Item #16639 About Woman, Love, and Marriage. Saunders, rederick.
About Woman, Love, and Marriage

About Woman, Love, and Marriage

New York: G.W. Carleton & Company, 1868. First edition. Woodcut headpiece and vignettes, initial letters. Binding extremities lightly rubbed. Trivial soiling to cloth, a few very minor stains not affecting text, endpapers lightly foxed, bookplate on front pastedown. A very good, bright copy of a scarce book. Publisher’s green cloth, ruled and stamped decoratively in blind, gilt spine, light blue endpapers. Octavo. [iii]-319, [1, blank], 3-6 pp. Item #16639

Frederick Saunders (1807-1902) was a London-born librarian and writer, who relocated to New York in order to open a branch of his family’s bookselling firm. He petitioned Congress for the passage of an act that sought to protect both American and British authors; though it was backed by George Bancroft, Henry Clay, William Cullen Bryant, and Washington Irving, it failed to pass. For a time, he was the editor of The New York Post and was the assistant librarian at the Astor Library, later becoming its head librarian.
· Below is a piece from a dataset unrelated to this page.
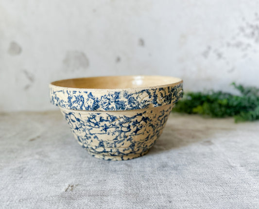 Vintage Blue Spongeware 8.5" Mixing Bowl
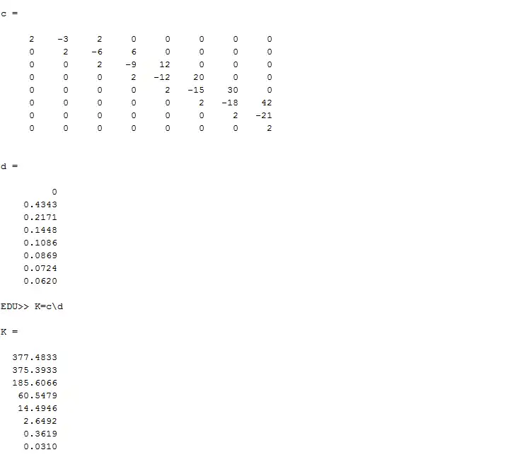 Plugging these values into the ODE and equating them to the excitation, and then solving them by using an upper triangular matrix as before (just as in the n=3 example) in Matlab:

About Woman, Love, and Marriage is both a work of advice and an interesting piece of “pro-marriage” propaganda, with Saunders noting that “The question of the decline of marriage, -- now so much talked about –, is of vital importance, not merely to society at large, but of paramount concern to woman, since it involves the greatest interest of her life...To the unmarried portion of the sex...the subject proposed to be discussed can scarcely fail of awakening interest, since – being the great event of woman’s life – it simply urges the adoption of an admitted prerogative and duty...” (p. vii-viii). About Woman, Love, and Marriage is divided into four sections: I. Concerning Celibacy, II. The Ruling Passion, III. Wedded Life, and IV. Modern Impediments to Marriage.